Once the full list of User-Initiated Emails is retrieved, we can then manually check each entry’s SendDefinitionList.CustomObjectID to see if it matches the Data Extension’s ObjectID.

  • Journeys using this Data Extension as Entry Source

The biggest challenge for the "Data Extension" part of the app was retrieving Journeys and linking them to Data Extensions through Event Definitions. The complexity didn’t lie in the technical difficulty but in finding the most efficient way to handle this with concurrent API calls. Why? Because another object, Event Definitions, store the Data Extension name, but you can’t filter Event Definitions by Data Extension name directly. This left us with two possible approaches:

  1. Search All Event Definitions First: We could retrieve all Event Definitions, search for those related to the Data Extension, and then call the Journeys API using the Event Definitions by filtering "Journey Name equals Event Definition Name."
  2. Search Journeys First: Alternatively, we could first retrieve all Journeys, extract the Event Definition key (which is available in most cases), and then search for the related Event Definitions—first by key and then by name as a fallback. When searching by name, we also need to order the results by CreatedDate to ensure we retrieve the latest Event Definition since a Journey might have multiple versions using different Event Definitions having same name which Journey Name.

I chose option 2 for a few key reasons:

  • The number of Event Definitions often exceeds the number of Journeys. Event Definitions persist even when Journeys are deleted, and changing the entry source of a Journey in different versions creates additional Event Definitions.
  • Event Definitions can’t be filtered by their active status, but Journeys can. If you only want to search active Journeys, filtering becomes more efficient when you start with Journeys.
  • Journeys can’t be filtered by Event Definition Key, but Event Definitions can be filtered by the keys extracted from Journeys. This allows for more targeted searches and faster results.

In the end, option 2 provided a more streamlined, efficient approach, especially when handling large datasets and numerous Event Definitions.

After this, we had to tackle the issue of concurrency. SFMC allows only 100 concurrent REST API calls at a time, so I implemented a strategy to prevent hitting this limit. After retrieving all the Journeys with their Event Definition keys and names, I batch the Event Definitions in groups of 50 and introduce a 0.5-second delay between batches. This ensures we stay within SFMC's API rate limits while still making concurrent API calls to retrieve the Data Extension name from each Event Definition.

This approach helps maintain efficiency, especially when additional API calls are required based on the user’s selection, such as when they include Scripts or CloudPages in their search, or when other calls are made for different apps/solutions during this time.

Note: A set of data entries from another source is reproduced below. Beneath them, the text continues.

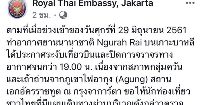 สถานทูตไทยประจำกรุงจาการ์ตา โพสต์ข้อความ ระบุท่าอากาศยานนานาชาติ Ngurah Rai บนเกาะบาหลี ปิดการจราจรทางอากาศจนถึงเวลา 19.00 น. เหตุกลุ่มควันจากภูเขาไฟอากุงปะทุ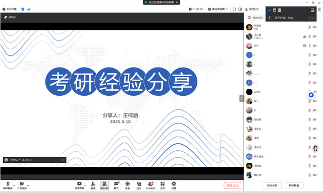 为强化学风建设,解答学生关切,5月18日晚,2025年考研成绩优异的李珂、王梓涵同学线上分享了学习方法及考研经验等,各年级同学、学生家长踊跃参加。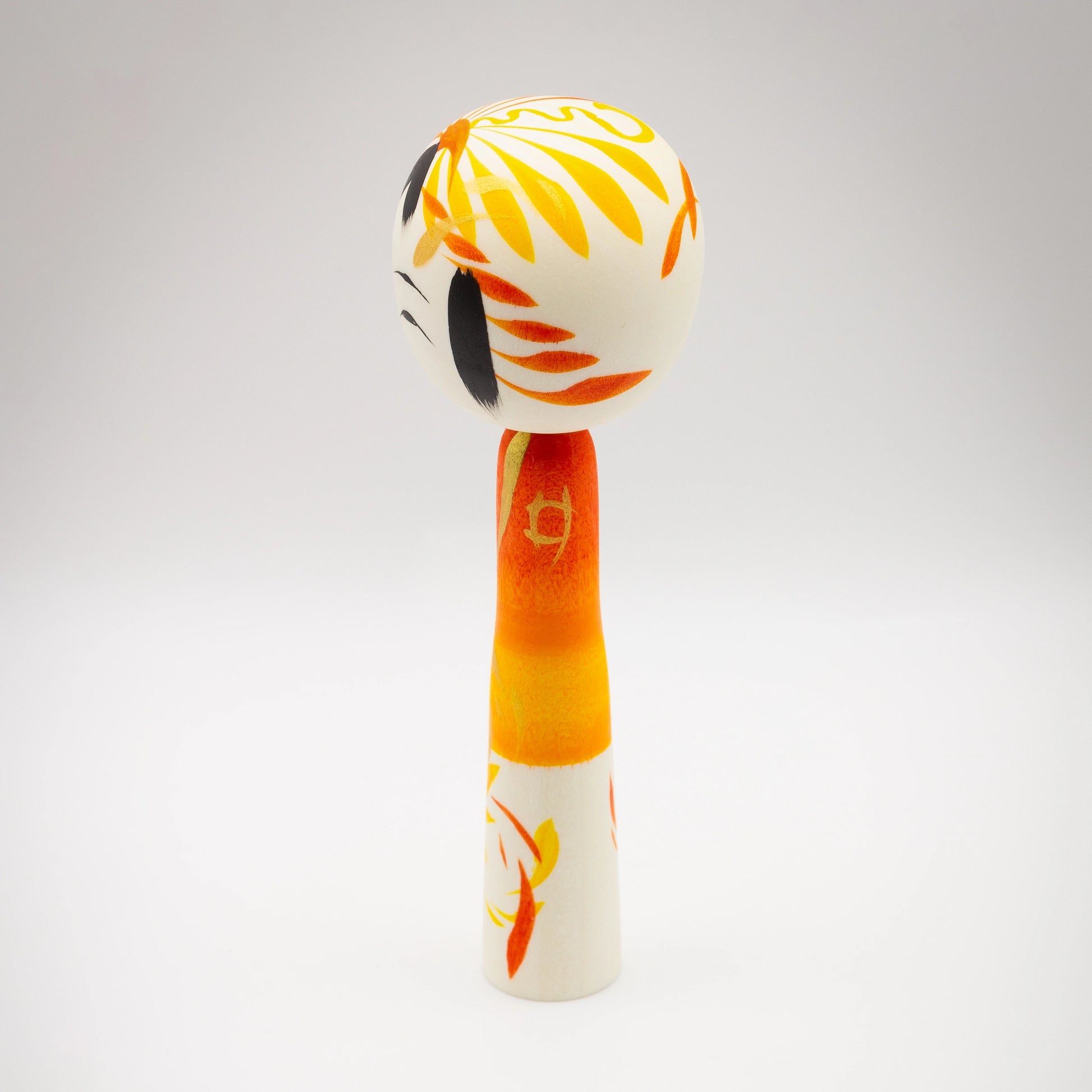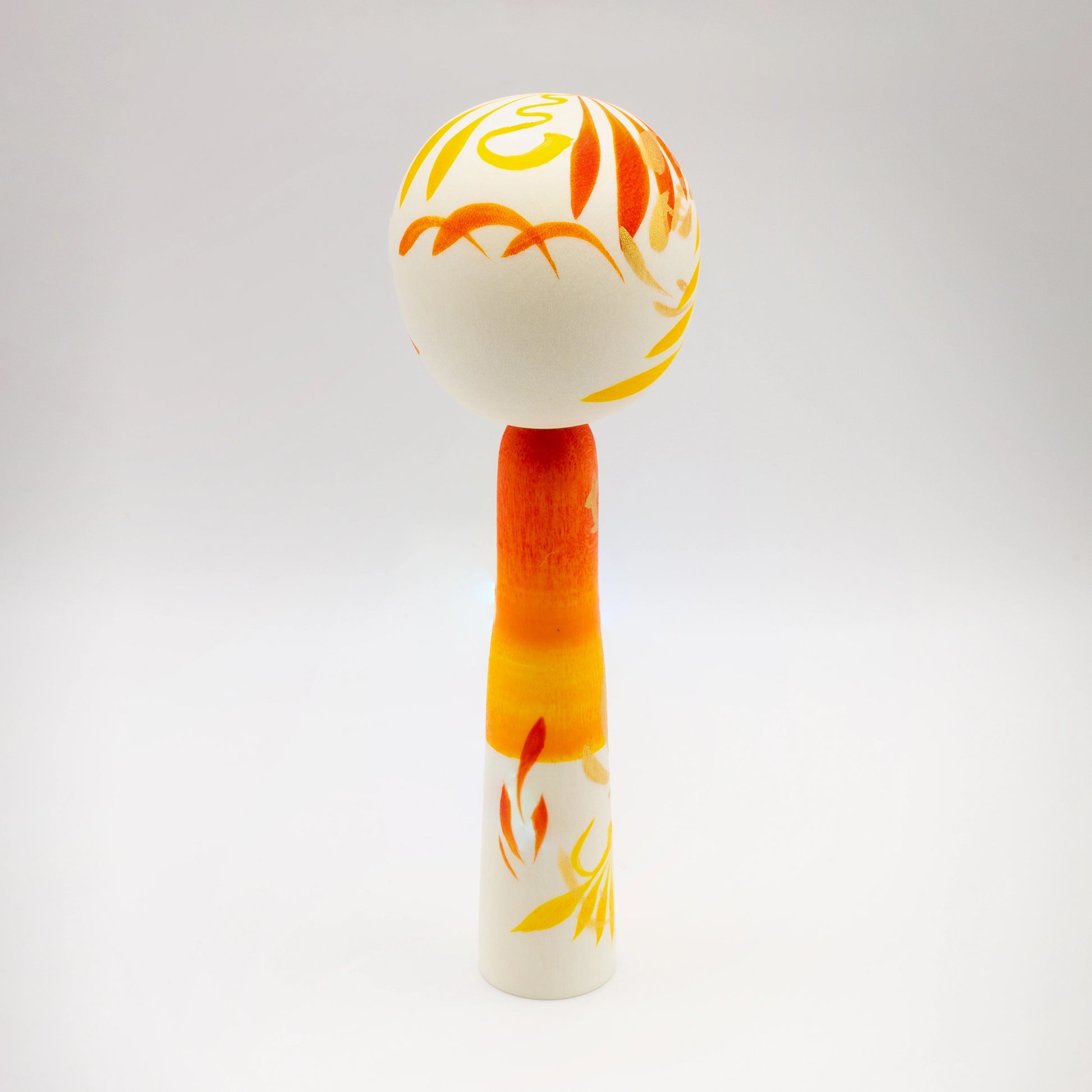 This hand-crafted Kokeshi doll is a unique example of traditional Japanese woodcraft, thoughtfully reinterpreted in a contemporary form by artist Noboru Wagatsuma. Turned and painted by hand, each piece is truly one of a kind. The figure features a delicate floral pattern inspired by classic Kokeshi motifs, paired with a warm orange-yellow colour palette that gives the surface depth, vibrancy, and a gentle sense of modern elegance.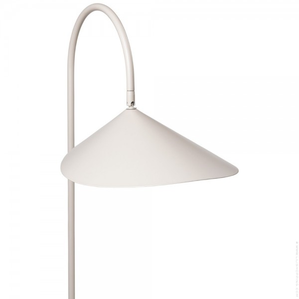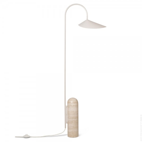 - This floor lamp is distinguished by its asymmetrical lampshade mounted on a thin metal rod and a travertine base. Ideal for lighting a dark corner or next to an armchair to read your favorite book, adjusting the lampshade at the perfect angle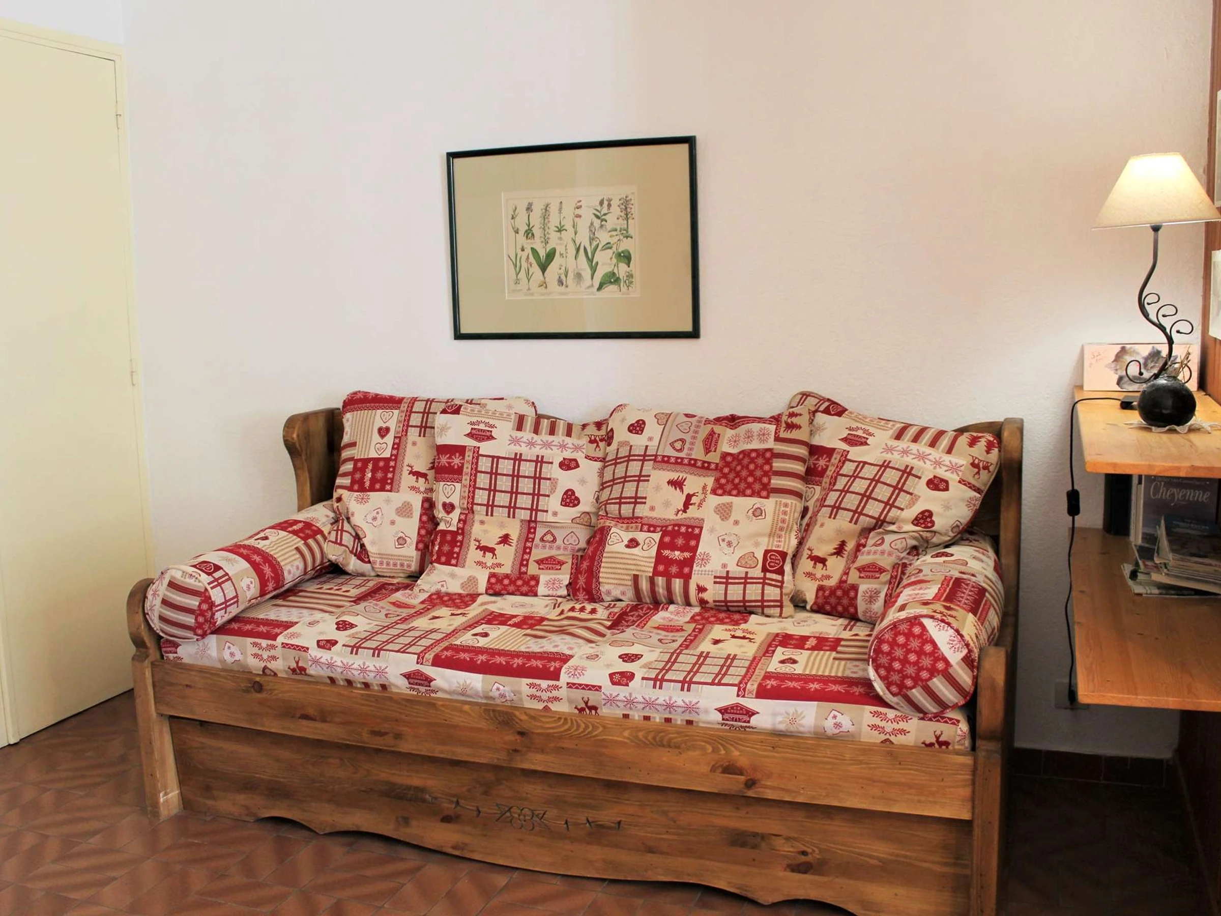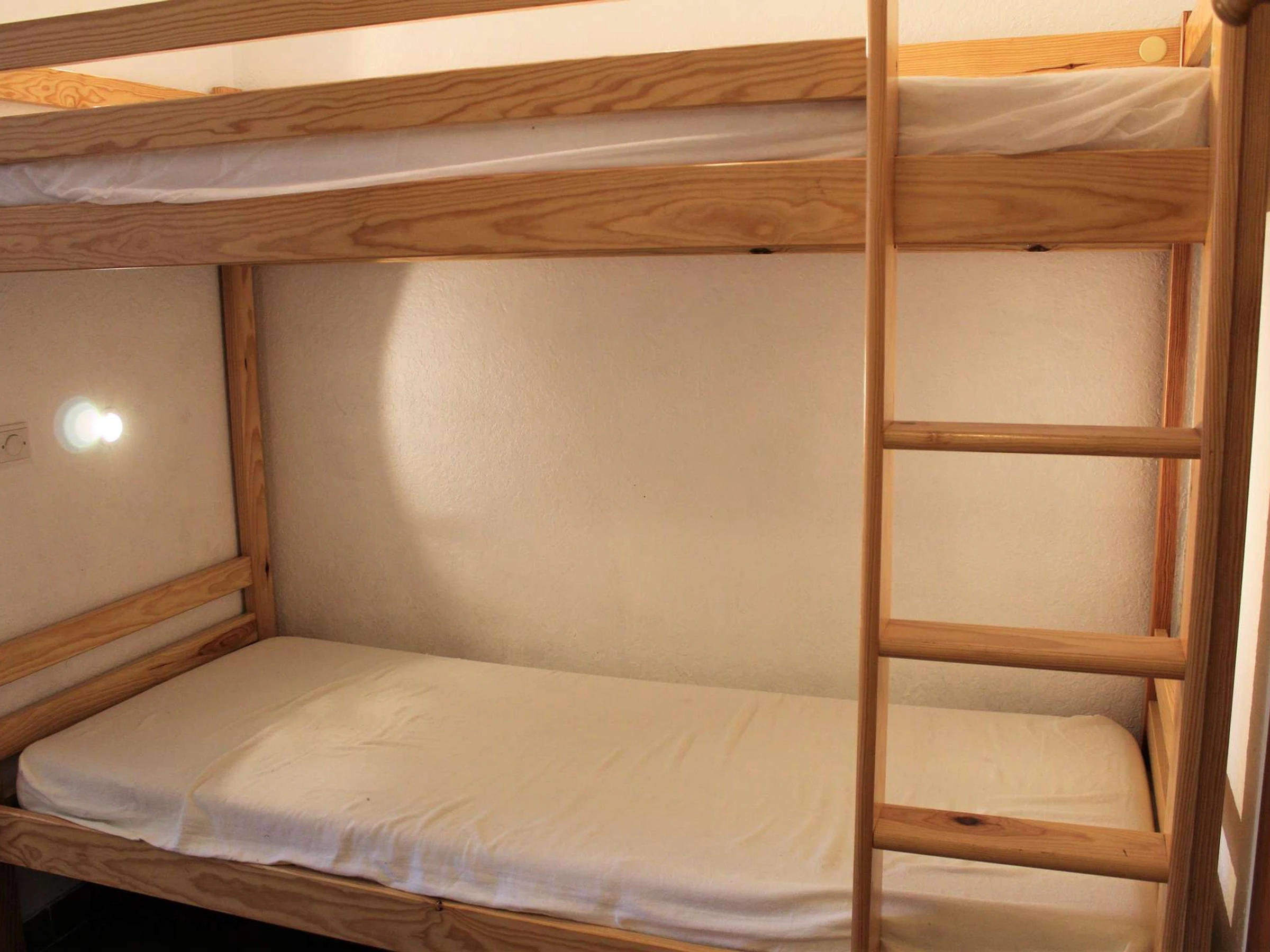 Unterkunft: Diese Ferienwohnung mit Südbalkon besteht aus einem ausgestatteten Küchenbereich und einem Wohnzimmer mit zwei ausziehbaren Einzelbetten. Im Eingangsbereich finden Sie eine Bergecke mit zwei Einzel-Etagenbetten (mit Vorhang getrennt) sowie ein Badezimmer mit Dusche und separatem WC.

Another challenge involved sanitizing URLs while searching for Event Definition names. Simple URL sanitization wasn’t enough for certain cases. For example, names like "This_is_a_name_for_the_journey[one-two-three]" could return zero results even after sanitization. To handle this, I added a custom function that truncates the name before any special characters like "[". So, the name "This_is_a_name_for_the_journey[" could bring the result for the search. This logic might need adjustment depending on specific naming conventions, especially for Journey names that start with special characters like "[".

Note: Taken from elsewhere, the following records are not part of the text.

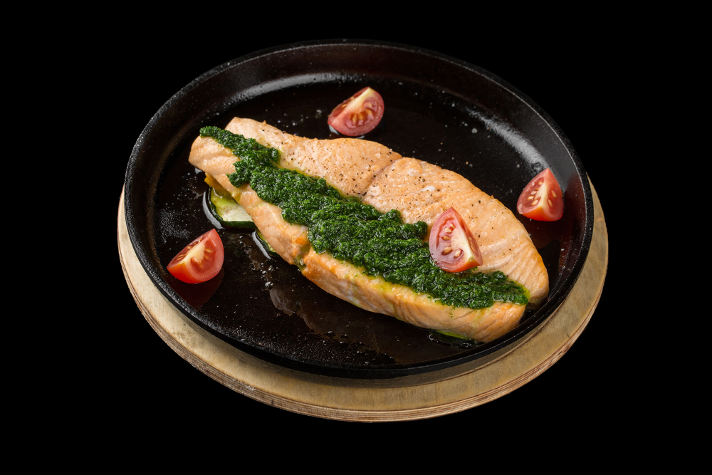 - Coloque o molho pesto sobre os peitos de frango temperados, garantindo que fiquem bem cobertos pela mistura.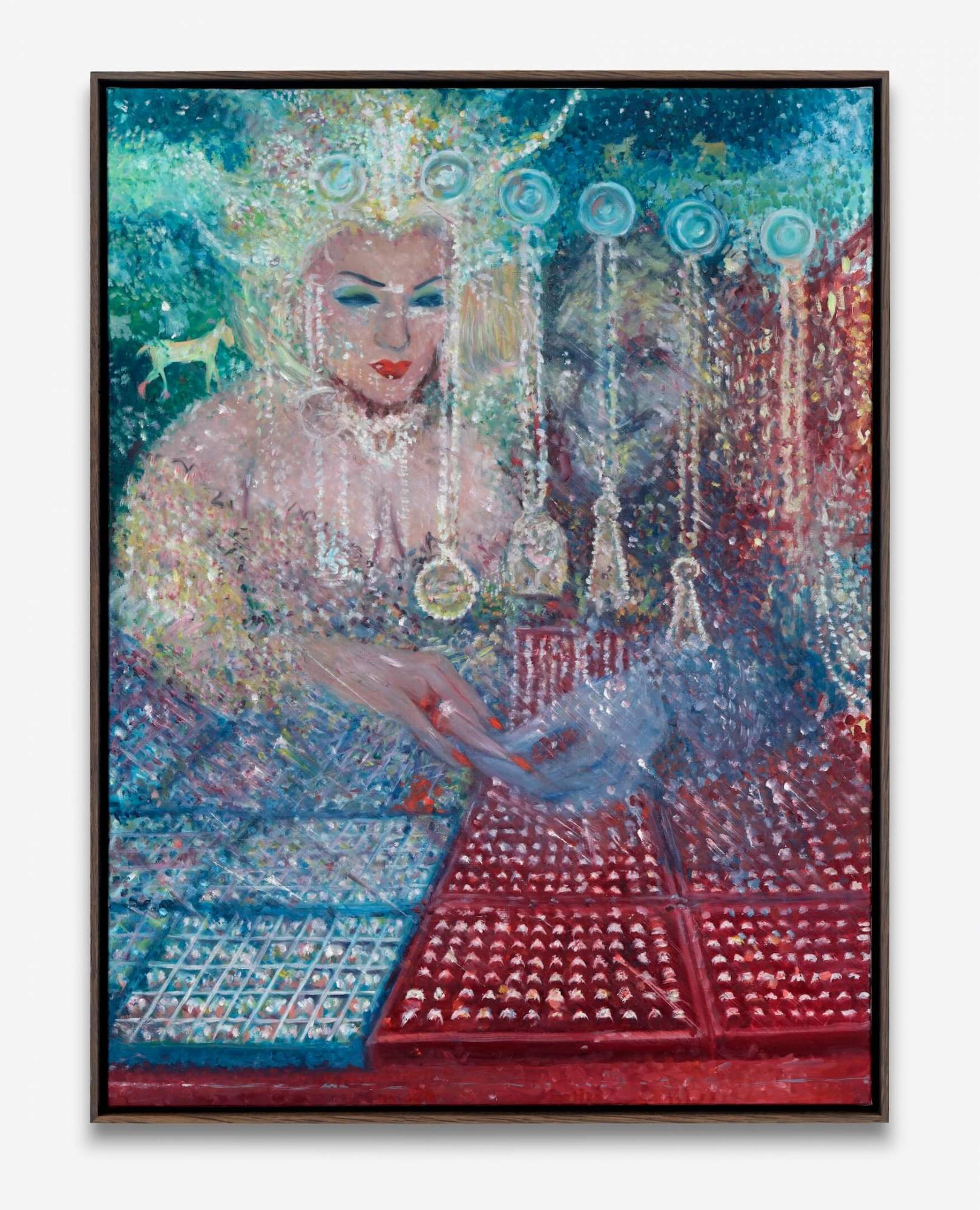 An overarching interest in storytelling pervades Marianna Simnett’s interdisciplinary practice. This foray into oil painting is driven by a desire to experiment with the narrative flow of images beyond time-based media. While film presents a linear visual narrative, Simnett’s paintings are constructed in sedimentary layers, functioning as short stories that collapse different temporalities and images into a single surface. Built up over many days, she employs numerous layers of translucent paints to create a shimmering, glass-like effect.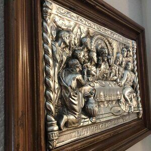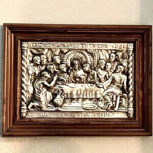 A Gorgeous 100+ year old Antique Framed 3-D Silver Metal Sculpted Relief Art Plaque depicting Jesus and His Disciples at the Last Supper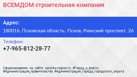 ВСЕМДОМ, строительная компания по адресу 180016, Псковская область, Псков, Рижский проспект, 26 в дальнейшем Организация, размещена в следующих категориях:

Example view for CloudPages

  • Scripts Activities including this Data Extension

Script Activities, unfortunately, don't offer the same flexibility as Queries when it comes to searching through their content. The only field that can be filtered is the name. As a result, retrieving all Script Activities concurrently is necessary, and then manually searching for the data extension name within their content.

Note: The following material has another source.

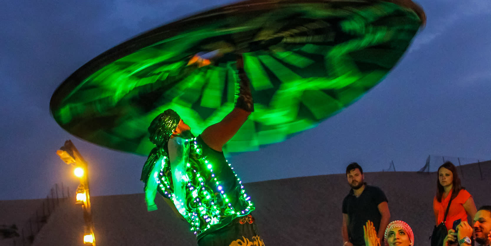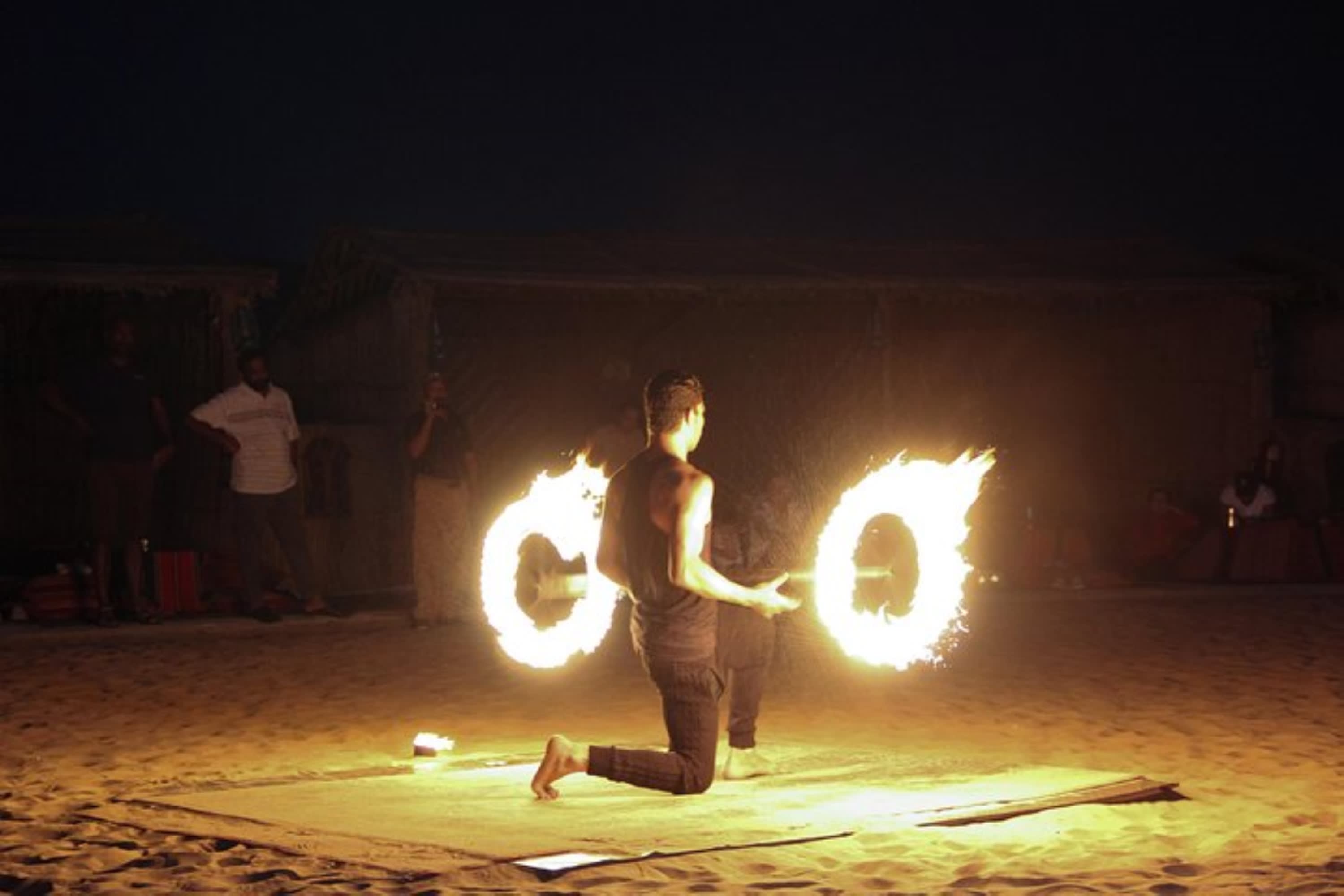 • 17시간 동안 진행되는 이 야간 투어는 두바이에서 오후에 출발하여 아라비아 사막을 가로지르는 신나는 드라이브로 시작됩니다. 사진 촬영을 위한 스릴 넘치는 듄 드라이빙을 즐기고, 브리핑을 위해 낙타 농장을 방문하여 전통적인 아라비아 캠프장에 도착하여 일몰을 감상하세요. 아라비아 커피와 대추야자로 여러분을 환영할 것입니다. 낙타를 타고, 샌드보딩을 즐기고, 매와 교감해보세요. 헤나 문신을 하고, 시샤와 함께 휴식을 취하고, 샤와르마 또는 팔라펠과 같은 인기 있는 현지 간식을 맛보세요. 저녁에는 타누라 댄스와 불 쇼를 포함한 라이브 엔터테인먼트가 펼쳐지며, 맛있는 바비큐 저녁 식사와 별빛 아래 매혹적인 벨리 댄스가 이어집니다. 상쾌한 아침 해돋이와 아라비아식 아침 식사를 즐기기 위해 이글루 텐트로 돌아가 편안한 밤을 보내고 돌아옵니다.

For this search, I opted not to narrow it down by specifically targeting AMPscript functions, as data extension names can also be assigned to variables, making it harder to pinpoint exact references. However, if you want to refine the search further—for example, limiting it to instances where data extension names are explicitly used in AMPscript or other functions—you can modify the code to meet your specific needs.

  • CloudPages including this Data Extension

Interestingly and unfortunately, I couldn’t make the queries I used for email searching work for CloudPages. As a result, I had to adopt a similar approach to what I did for Scripts—retrieving all CloudPages concurrently and going through the content manually. The same considerations I mentioned for Scripts apply here as well; the logic can be adjusted to fit specific needs if required. I only used "webpage" as assetType.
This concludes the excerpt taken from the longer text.